The main benchmark for large-records is a module containing a record declaration with n fields with Eq, Show, Generic and HasField instances, and a ToJSON instance defined using a generic function. See the Benchmarks section of the first blog post on large-records for additional information.

The code generated by the new source plugin is very similar to the code that was previously generated by TH. Critically, it is still linear in the size of the record (unlike standard ghc, which is quadratic); see to the full report on the (compile time) performance of large-records for details. We therefore don’t expect any super-linear improvements in compilation time; indeed, improvement of compilation time was not the point of this refactoring (other than avoiding unnecessary recompilations due to TH). It is nonetheless nice to see that the plugin is roughly 25% faster than TH:

Although we didn’t measure it, avoiding quasi-quotation for record values should also help improve compilation time further, depending on how common these are in any particular codebase.

Conclusions

The large-records library is part of our work on improving compilation time on behalf of Juspay. We have written extensively about these compilation time problems before (see blog posts tagged with compile-time-performance), and also have given various presentations on this topic (HIW 2021, HaskellX 2021). This new release of large-records is not fundamentally different to the previous. It still offers the same features:

linear-size ghc code and therefore much better compilation time performance
stock derivation support (Show, Eq, Ord)
Generics support (through large-generics style generics, similar in style to generics-sop)
HasField support for integration with record-dot-preprocessor

However, the fact that Template Haskell quotes and quasi-quotation are no longer required in the new version should make for a much better user experience, as well as further speed up compilation time projects with deep module hierarchies.

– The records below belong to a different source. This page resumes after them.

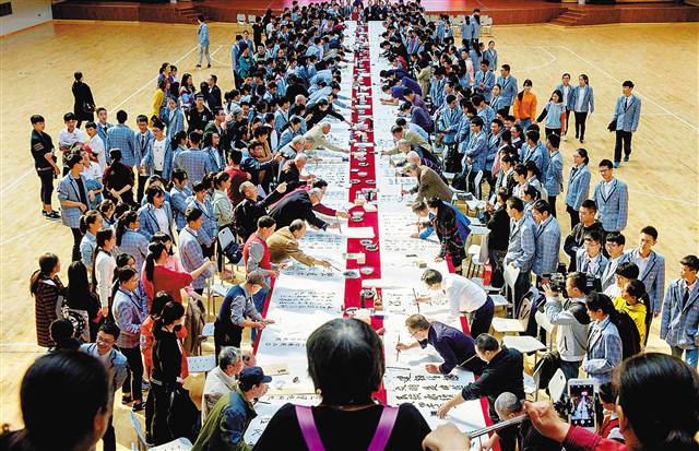 10月30日,由九龙坡区委宣传部、重庆市书协主办的“学习宣传十九大·百名书家百米卷”活动在杨家坪中学体育馆举行。活动现场,100名书法家和书法爱好者,共同书写党的十九大报告精彩、经典内容100句,形成了100米书法长卷。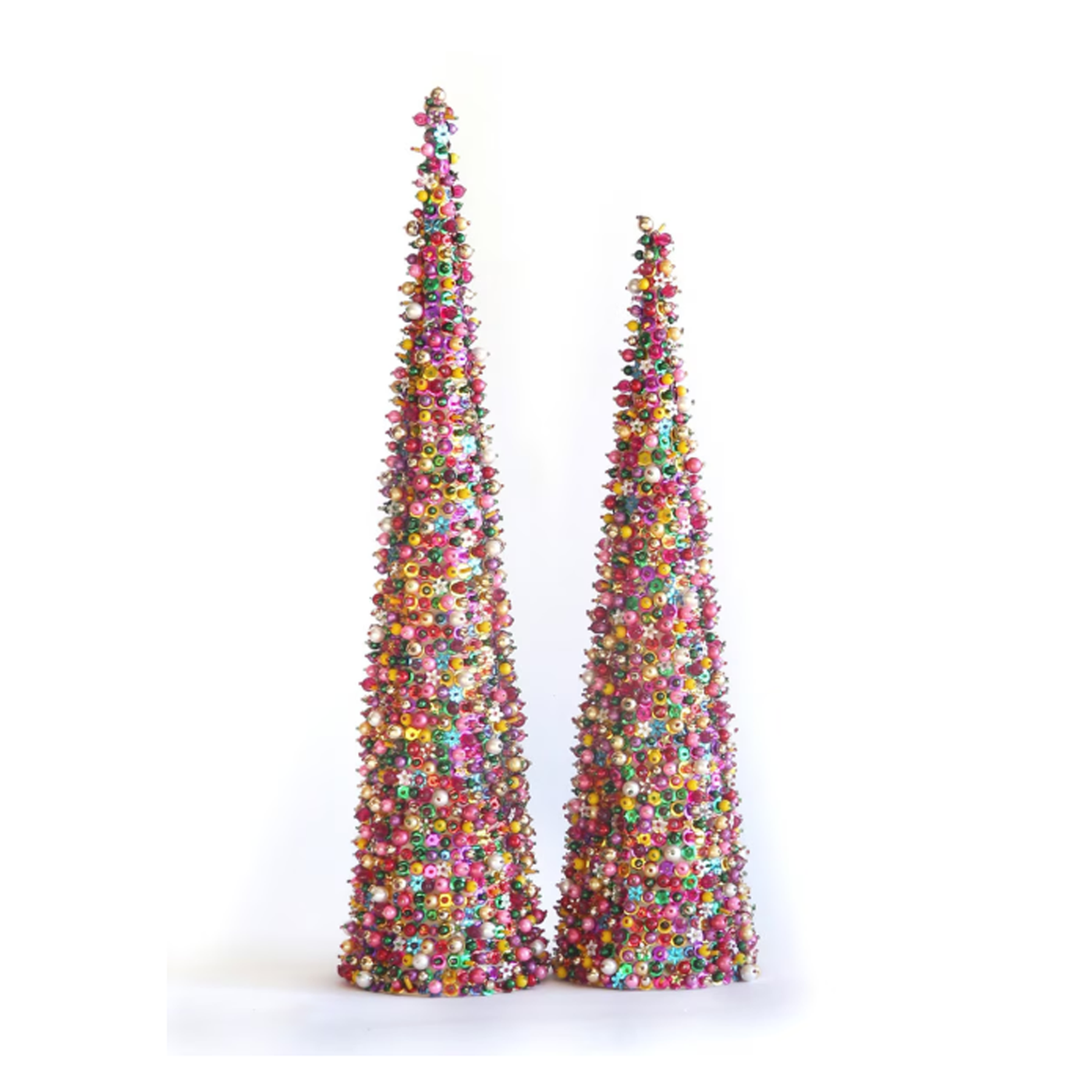 BEADED 2PC EXTRA LARGE MULTICOLOR DECORATIVE GLASS TREE BUNDLE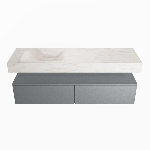 MONDIAZ ALAN - DLUX Badkamermeubelset - 150cm - onderkast - Plata - 2 lades - vrijhangende wastafel - wasbak links - 0 kraangaten - Ostra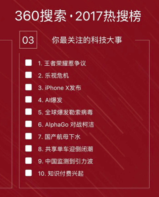 近来,360查找依托旗下360趋势大数据,制造并发布《查找·回忆2017——360查找年度热搜科技榜》,和网友一起回忆2017产生的科技大事情。数据显现,风行全网的《王者荣耀》、乐视危机以及iPhone X发布等成为科技热搜前三名,此外,AI迸发以及勒索病毒事情等也都榜上有名。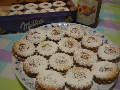 Linzer Augen слепени с конфитюр от праскови и маракуя. Направо прелест.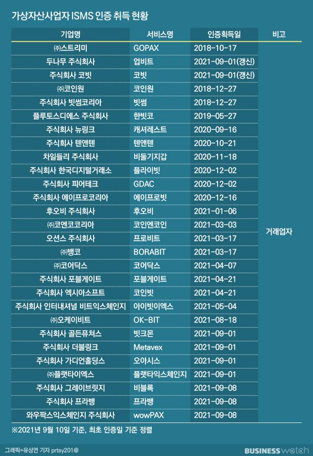 이에 국민들이 가상자산사업자 신고준비 현황을 확인할 수 있도록 지난달 25일 ISMS 인증획득 현황 명단을 처음 공개한 바 있다.

Suppose module B imports module A. If B uses Template Haskell splices, it will be recompiled whenever A changes, whether or not the change to A is relevant. Specifically, even with optimizations disabled, a change to the implementation of a function in A will trigger a recompilation of B. The reason is that B might execute f in the splice, and ghc makes no attempt at all to figure out what the splice may or may not execute. We have recently improved this in GHC HEAD; a blog post on that change is coming soon.↩︎